Brief:
Word for word, copy the line that contains "- Color: Typically" and each line after it in the data below. Pictures stay out of the copy.

Recorded information:
——

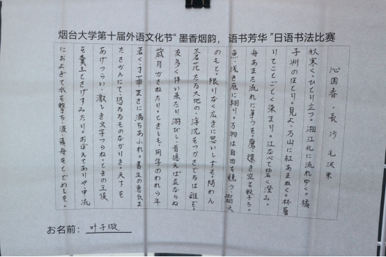 为弘扬中国诗词之韵,书法艺术之美,搭建文化交流之桥,推进中日文化交融与发展,恰逢第十届外语文化节举办之际,外国语学院于2025年10月31日至11月4日举办烟台大学第十届外语文化节暨2025“九外杯”日语书法比赛。参赛作品由日语系2位老师,4位工作人员,6位匿名评审同学,樱花日语志愿小组全程策划执行。
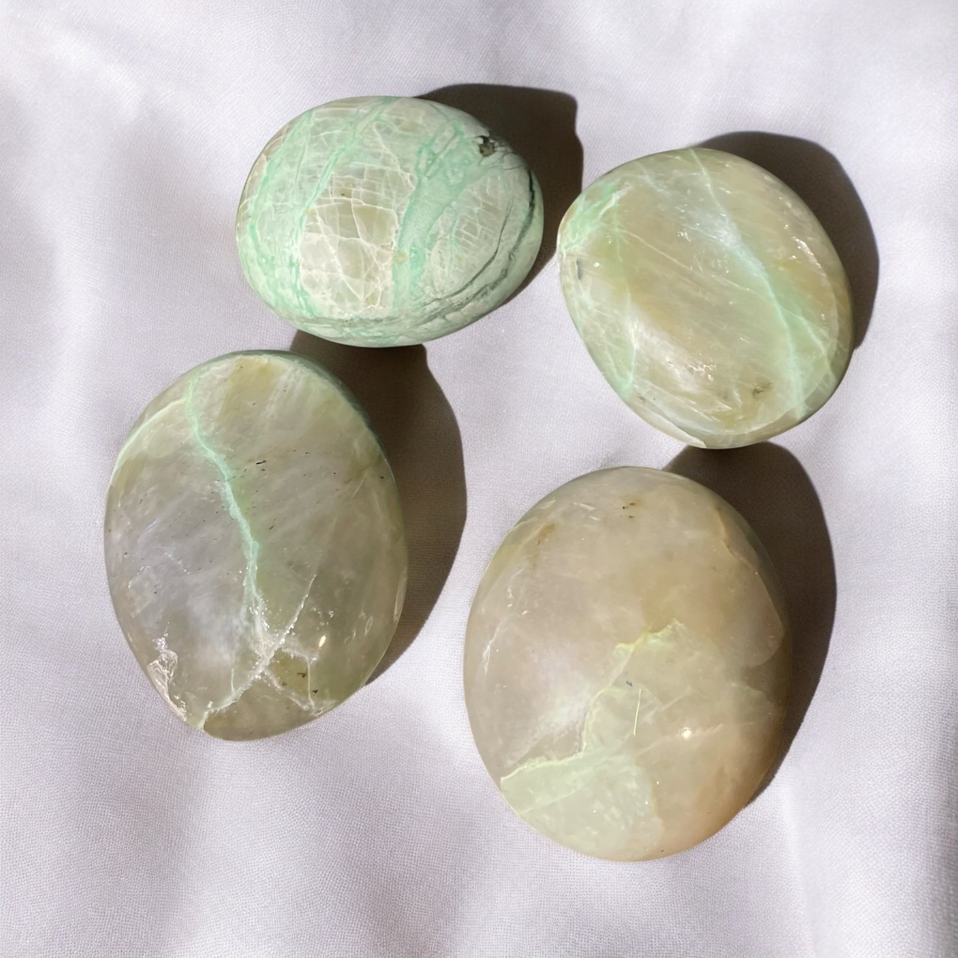 - Color: Typically shades of green, ranging from pale to deep green, often with a translucent or pearlescent sheen.
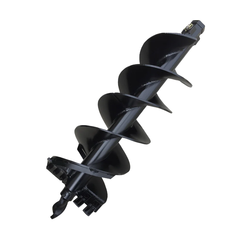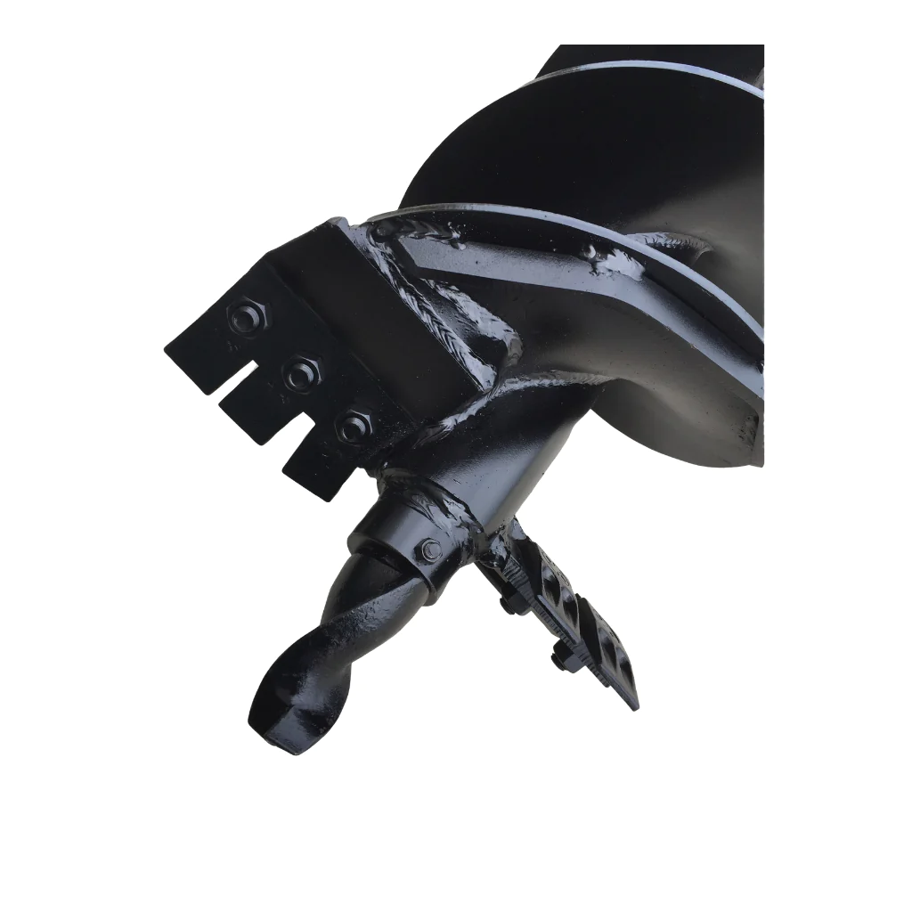 Lowe SQ-Series Augers are an excellent combination of performance and price. They feature a fabricated boring head, bolt on teeth (standard heat-treated or optional carbide tipped), heavy duty double wrap flighting, hardened fishtail center point (carbon tipped center points are also available), and made to fit 2” (51mm) hex shafts (In stock at TN Skid Steer Supply) or 2-9/16” (65mm) round (by order only)

——

Output of the task:
 - Color: Typically shades of green, ranging from pale to deep green, often with a translucent or pearlescent sheen.
 Lowe SQ-Series Augers are an excellent combination of performance and price. They feature a fabricated boring head, bolt on teeth (standard heat-treated or optional carbide tipped), heavy duty double wrap flighting, hardened fishtail center point (carbon tipped center points are also available), and made to fit 2” (51mm) hex shafts (In stock at TN Skid Steer Supply) or 2-9/16” (65mm) round (by order only)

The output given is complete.